7.3. Double Strandedness

The reverse complement of a string is the string reversed and every nucleotide (i.e., character) replaced by its Watson-Crick complement. In many applications, it is often useful to treat a $k$-mer and its reverse complement as being identical. There are two general ways in which data structures for storing a $k$-mer set can be adapted to achieve this.

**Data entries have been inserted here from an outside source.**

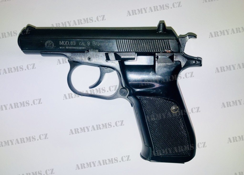 Pistole samonabíjecí ČZ 83, ráže 9 mm Brow., v perfektním stavu. Platná česká zkušebna 93. V ceně kožené pouzdro. K nabytí nutné nákupní povolení.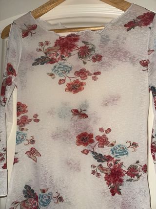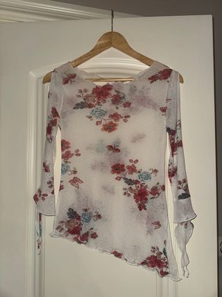 Camiseta de manga larga con un estampado floral vibrante sobre un fondo blanco. Su diseño ligero la hace ideal para diversas ocasiones. - Mangas largas acampanadas. - Bajo asimétrico con acabado festoneado. - Tejido semitransparente.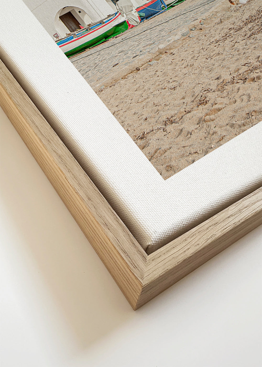 If you select the passepartout option, we will add the white matt board to the frame, and we will reduce the design of the work. For example, if you select a print size 20x28 in, with an oak colored frame and passepartout, we will reduce the design of the print to the previous size (16x20 in). In this way, it will adapt perfectly to the inside window of the passepartout.

The first way is to make all $k$-mers canonical. A $k$-mer is canonical if it is lexicographically no larger than its reverse complement. To make a $k$-mer $x$ canonical, one replaces it by its reverse complement if $x$ is not canonical. The elements of $S$ are made canonical prior to construction of the data structure, and $\mathit{\text{memb}}$ queries always make the $k$-mer canonical first. This approach works well in data structures that are hash-based (e.g., sorted list, hash table adjacency list, Conway and Bromage, Bloom filter) or the Bloom filter trie. The space of these data structures does not increase, but the query times increase by the $𝒪\left(k\right)$ operations that may be needed to make a $k$-mer canonical.

For a data structure such as BOSS, using canonical $k$-mers is incompatible with the specialized $fwd$ and $bwd$ operations. For such cases, there is a second way to handle reverse complements. Concretely, we can compute the reverse complement closure of $S$, as follows: We first modify $S$ by checking, for every $x\in S$, if the reverse complement of $x$ is in $S$, and, if not, adding this reverse complement to $S$. This increases the size of the data structure by up to a factor of two, but maintains the same time for $fwd$ and $bwd$ operations.

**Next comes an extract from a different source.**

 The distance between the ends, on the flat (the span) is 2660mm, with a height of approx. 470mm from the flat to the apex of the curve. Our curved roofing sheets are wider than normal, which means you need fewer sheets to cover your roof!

In case of unitig-based representations, the unitigs themselves can be constructed on what is called a bidirected de Bruijn graph [Medvedev et al. 2019, 2007]. A bidirected graph naturally captures the notion of double-stranded $k$-mer extensions in a graph-theoretic framework. The unitigs can then be indexed using their canonical form. We omit the details here.

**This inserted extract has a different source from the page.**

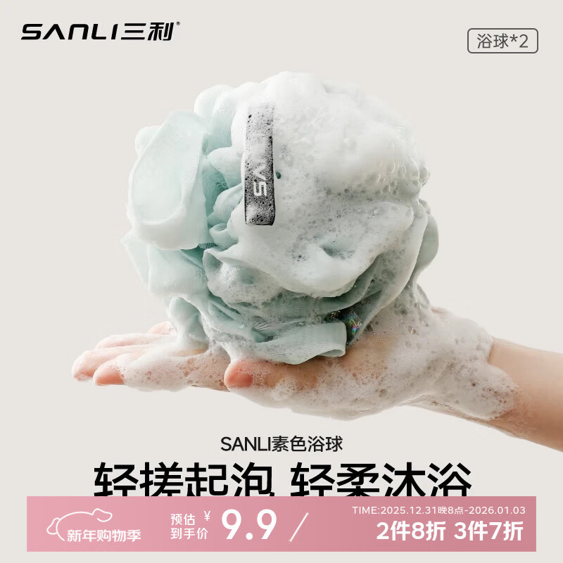 三利沐浴球浴花球加大2只装搓澡巾男女洗澡神器洗浴搓澡球澡花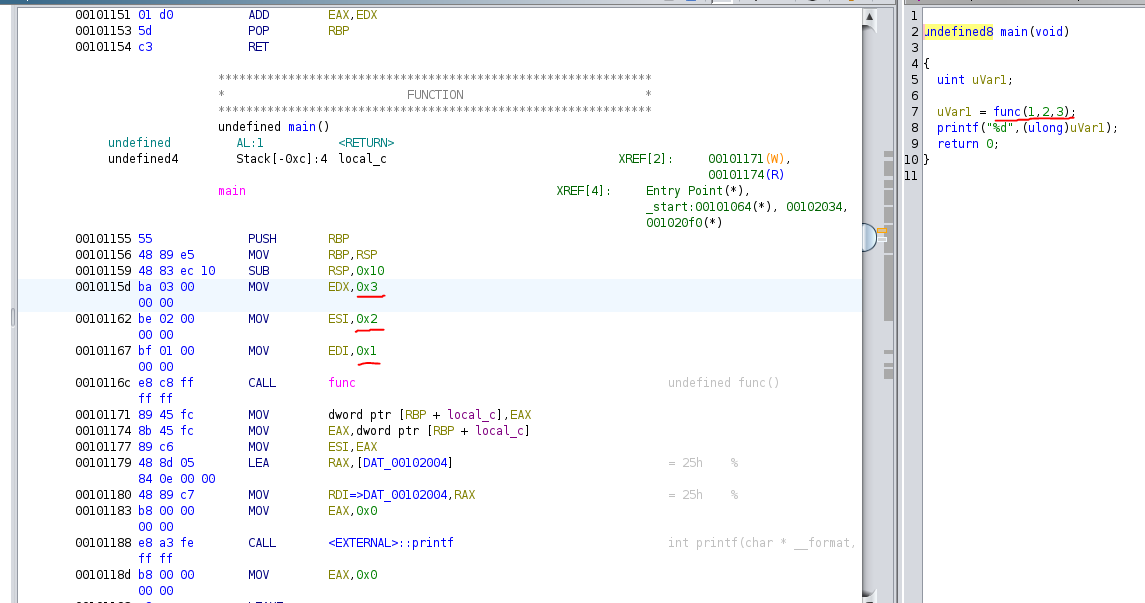 This sequence pushes each argument onto the stack, starting with the last one (arg3) and ending with the first one (arg1). The call instruction then invokes the function func. You can see it in Ghidra as shown below.

7.4. Maintaining $k$-mer Counts

In many contexts it is natural to store a positive integer count associated with each $k$-mer in $S$. Alternatively, this may be viewed as storing a multi-set instead of a set. In the same way that a set of $k$-mers can be thought of as a de Bruijn graph, a multi-set of $k$-mers can be also thought of as a weighted de Bruijn graph.

Many of the data structures discussed naturally support maintaining counts, including operations to increment or decrement a count. Any of the data structures that associate some memory location with each $k$-mer in $S$ can be augmented to store counts, e.g., a hash table adjacency list representation, a BOSS, or a representation based on unitigs or on a spectrum-preserving string set. More generally, if a data structure provides a method to obtain the rank of a $k$-mer within $S$ (e.g., Conway and Bromage), that rank can be used as an index into an integer vector containing the counts. For Bloom filters, there also exist variants that allocate a fixed number of bits per $k$-mer to store the approximate counts (the counting Bloom filter, [Fan et al. 2000]).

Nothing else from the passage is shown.